Widespread distribution of cell defense against D-aminoacyl-tRNAs.

作者信息

Wydau Sandra, van der Rest Guillaume, Aubard Caroline, Plateau Pierre, Blanquet Sylvain

机构信息

Laboratoire de Biochimie and Laboratoire des Mécanismes Réactionnels, Ecole Polytechnique, CNRS, 91128 Palaiseau Cedex, France.

出版信息

J Biol Chem. 2009 May 22;284(21):14096-104. doi: 10.1074/jbc.M808173200. Epub 2009 Mar 30.

DOI:10.1074/jbc.M808173200
PMID:19332551
原文链接:https://pmc.ncbi.nlm.nih.gov/articles/PMC2682858/
Abstract

Several l-aminoacyl-tRNA synthetases can transfer a d-amino acid onto their cognate tRNA(s). This harmful reaction is counteracted by the enzyme d-aminoacyl-tRNA deacylase.
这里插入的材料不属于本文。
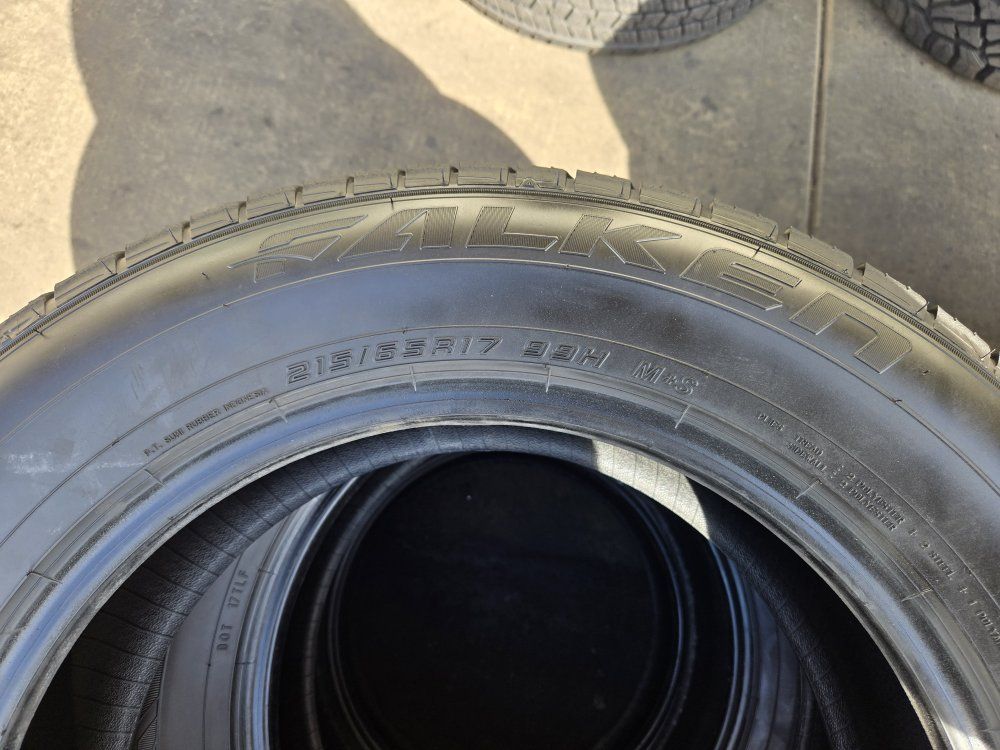 USED SET OF TIRES!! The brand is FALKEB PRO G5 TOURING AS Size is 215/65R17 Free mount, balance, and brand new valve stems. Like new 90% tread left $320 for all 4 DOT 2025 $5 disposal fee per every old tire you leave for us to dispose of Also check out our GOOGLE reviews to assure you’re in good hands, just search (Oliver Tires) We also offer lots of other sizes new and used. Call or text for availability Espańol; 8016885139 Office: 8016620227 Or come visit us at 3010 west 500 south Salt Lake City Utah.

Two distinct deacylases were already identified in bacteria (DTD1) and in archaea (DTD2), respectively. Evidence was given that DTD1 homologs also exist in nearly all eukaryotes, whereas DTD2 homologs occur in plants. On the other hand, several bacteria, including most cyanobacteria, lack genes encoding a DTD1 homolog. Here we show that Synechocystis sp. PCC6803 produces a third type of deacylase (DTD3). Inactivation of the corresponding gene (dtd3) renders the growth of Synechocystis sp. hypersensitive to the presence of d-tyrosine. Based on the available genomes, DTD3-like proteins are predicted to occur in all cyanobacteria. Moreover, one or several dtd3-like genes can be recognized in all cellular types, arguing in favor of the nearubiquity of an enzymatic function involved in the defense of translational systems against invasion by d-amino acids.

摘要

几种L-氨酰-tRNA合成酶能够将D-氨基酸转移到其对应的tRNA上。这种有害反应会被D-氨酰-tRNA脱酰基酶抵消。在细菌(DTD1)和古菌(DTD2)中已分别鉴定出两种不同的脱酰基酶。有证据表明,DTD1同源物几乎在所有真核生物中也存在,而DTD2同源物则存在于植物中。另一方面,包括大多数蓝细菌在内的几种细菌缺乏编码DTD1同源物的基因。在此我们表明,集胞藻PCC6803产生了第三种类型的脱酰基酶(DTD3)。相应基因(dtd3)的失活使集胞藻的生长对D-酪氨酸的存在高度敏感。基于现有基因组预测,DTD3样蛋白存在于所有蓝细菌中。此外,在所有细胞类型中都能识别出一个或几个dtd3样基因,这表明参与保护翻译系统免受D-氨基酸入侵的酶功能几乎无处不在。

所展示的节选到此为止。